- [Exercise details]:
Pictures aside, return all of the records exactly as they stand.

- [Entries provided]:
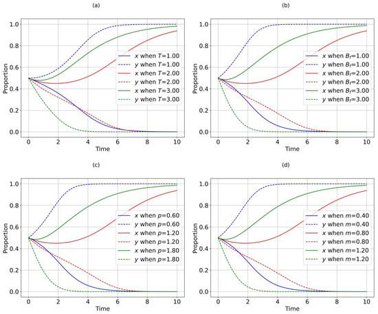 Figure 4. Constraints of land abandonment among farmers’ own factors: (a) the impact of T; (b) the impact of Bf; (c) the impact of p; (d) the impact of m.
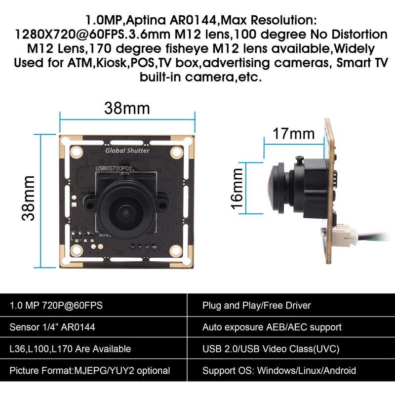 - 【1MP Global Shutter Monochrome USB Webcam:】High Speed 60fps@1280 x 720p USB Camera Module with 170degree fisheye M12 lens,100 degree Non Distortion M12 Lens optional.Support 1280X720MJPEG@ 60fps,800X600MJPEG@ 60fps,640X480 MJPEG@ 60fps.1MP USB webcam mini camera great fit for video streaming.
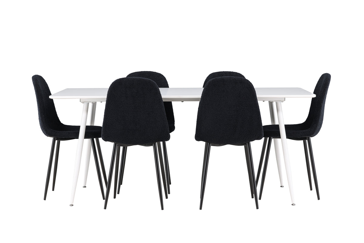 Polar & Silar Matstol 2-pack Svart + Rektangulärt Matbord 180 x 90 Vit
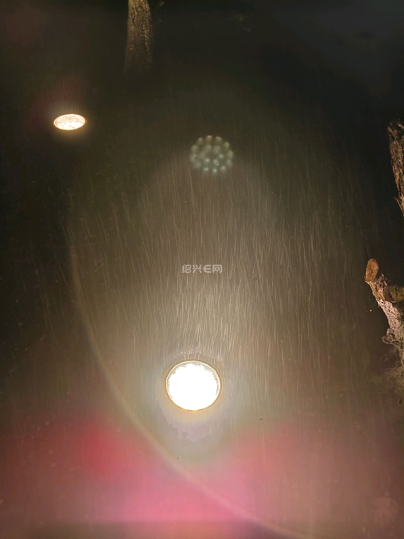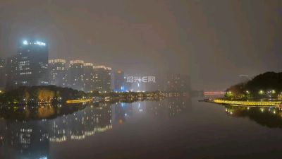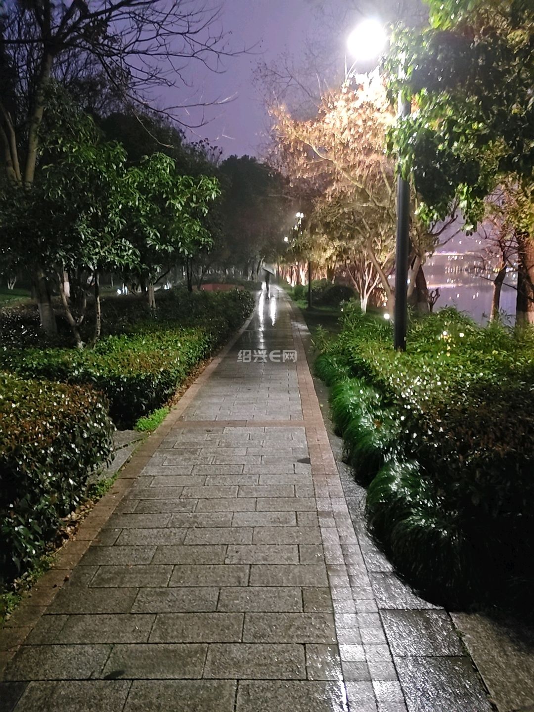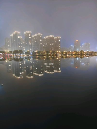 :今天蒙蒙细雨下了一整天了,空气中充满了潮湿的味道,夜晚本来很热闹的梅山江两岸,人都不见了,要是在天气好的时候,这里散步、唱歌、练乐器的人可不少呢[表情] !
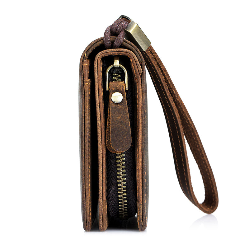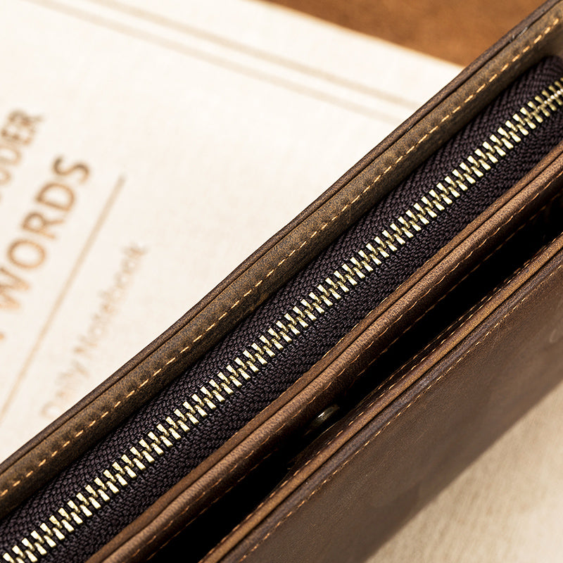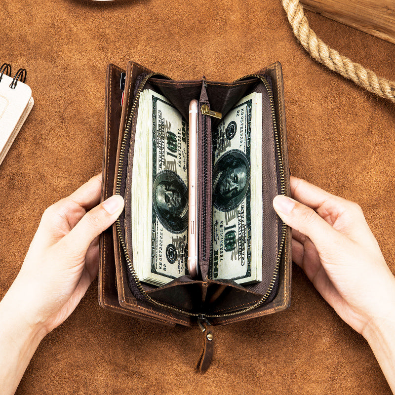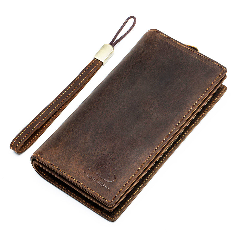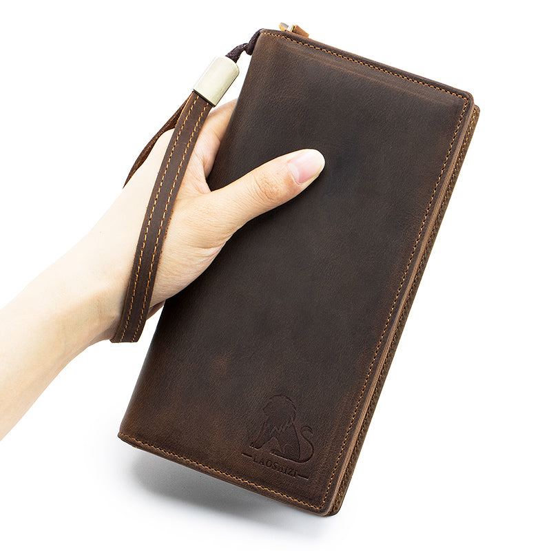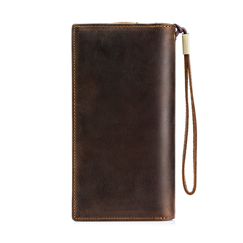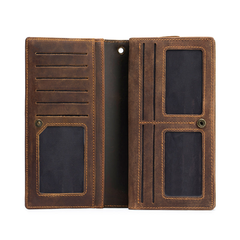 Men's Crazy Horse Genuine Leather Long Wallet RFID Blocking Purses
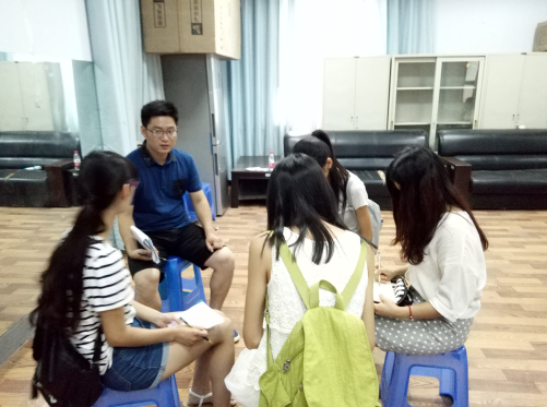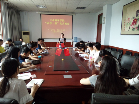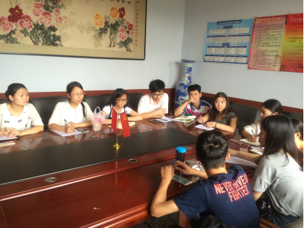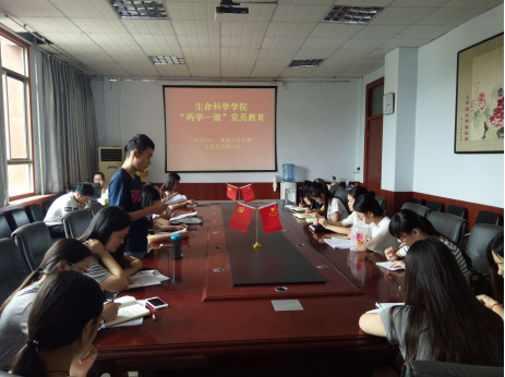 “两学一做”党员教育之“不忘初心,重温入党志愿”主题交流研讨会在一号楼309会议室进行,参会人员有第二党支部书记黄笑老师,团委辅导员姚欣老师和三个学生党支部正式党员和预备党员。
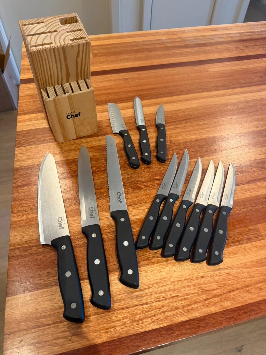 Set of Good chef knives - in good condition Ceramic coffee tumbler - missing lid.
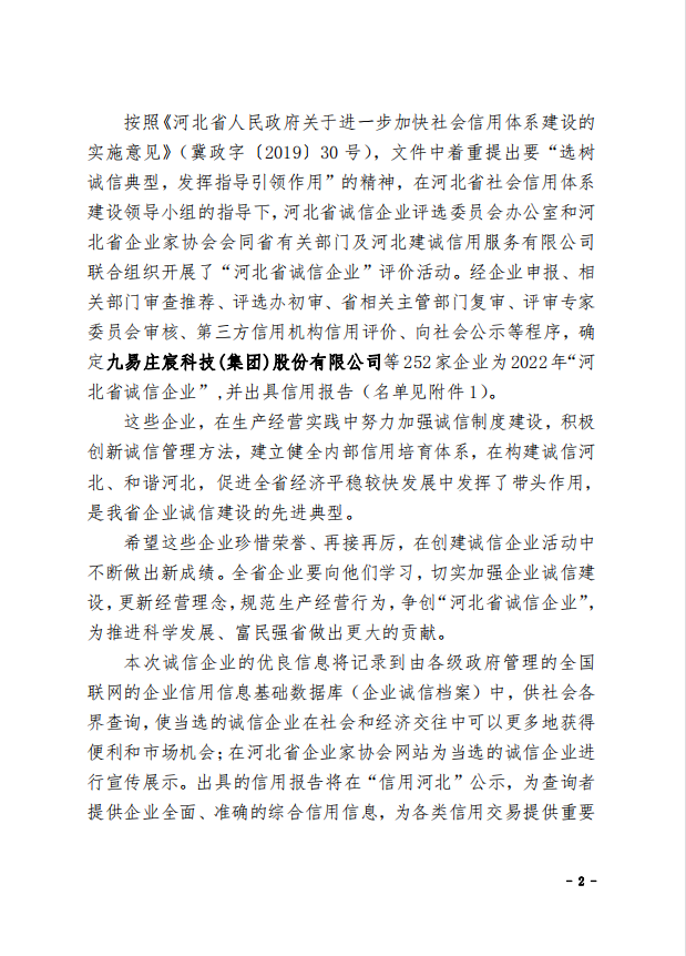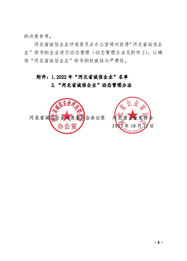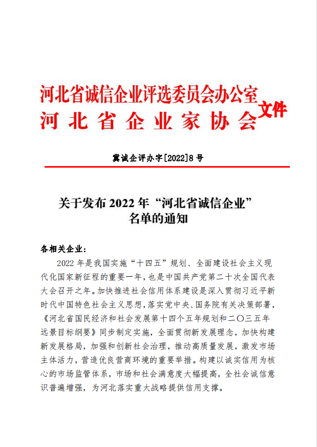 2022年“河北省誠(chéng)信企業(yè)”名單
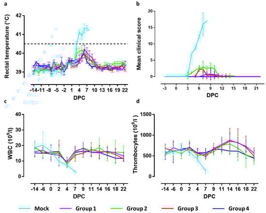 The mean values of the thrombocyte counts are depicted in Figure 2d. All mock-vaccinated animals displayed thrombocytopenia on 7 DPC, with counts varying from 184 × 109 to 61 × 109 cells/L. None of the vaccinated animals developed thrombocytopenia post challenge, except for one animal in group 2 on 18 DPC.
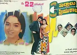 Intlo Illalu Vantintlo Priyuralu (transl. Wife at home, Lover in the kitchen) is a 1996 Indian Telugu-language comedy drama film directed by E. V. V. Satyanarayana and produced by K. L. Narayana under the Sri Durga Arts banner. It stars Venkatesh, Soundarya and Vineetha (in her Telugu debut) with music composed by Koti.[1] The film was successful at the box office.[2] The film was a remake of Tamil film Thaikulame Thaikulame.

- [Response area]:
 Figure 4. Constraints of land abandonment among farmers’ own factors: (a) the impact of T; (b) the impact of Bf; (c) the impact of p; (d) the impact of m.
 - 【1MP Global Shutter Monochrome USB Webcam:】High Speed 60fps@1280 x 720p USB Camera Module with 170degree fisheye M12 lens,100 degree Non Distortion M12 Lens optional.Support 1280X720MJPEG@ 60fps,800X600MJPEG@ 60fps,640X480 MJPEG@ 60fps.1MP USB webcam mini camera great fit for video streaming.
 Polar & Silar Matstol 2-pack Svart + Rektangulärt Matbord 180 x 90 Vit
 :今天蒙蒙细雨下了一整天了,空气中充满了潮湿的味道,夜晚本来很热闹的梅山江两岸,人都不见了,要是在天气好的时候,这里散步、唱歌、练乐器的人可不少呢[表情] !
 Men's Crazy Horse Genuine Leather Long Wallet RFID Blocking Purses
 “两学一做”党员教育之“不忘初心,重温入党志愿”主题交流研讨会在一号楼309会议室进行,参会人员有第二党支部书记黄笑老师,团委辅导员姚欣老师和三个学生党支部正式党员和预备党员。
 Set of Good chef knives - in good condition Ceramic coffee tumbler - missing lid.
 2022年“河北省誠(chéng)信企業(yè)”名單
 The mean values of the thrombocyte counts are depicted in Figure 2d. All mock-vaccinated animals displayed thrombocytopenia on 7 DPC, with counts varying from 184 × 109 to 61 × 109 cells/L. None of the vaccinated animals developed thrombocytopenia post challenge, except for one animal in group 2 on 18 DPC.
 Intlo Illalu Vantintlo Priyuralu (transl. Wife at home, Lover in the kitchen) is a 1996 Indian Telugu-language comedy drama film directed by E. V. V. Satyanarayana and produced by K. L. Narayana under the Sri Durga Arts banner. It stars Venkatesh, Soundarya and Vineetha (in her Telugu debut) with music composed by Koti.[1] The film was successful at the box office.[2] The film was a remake of Tamil film Thaikulame Thaikulame.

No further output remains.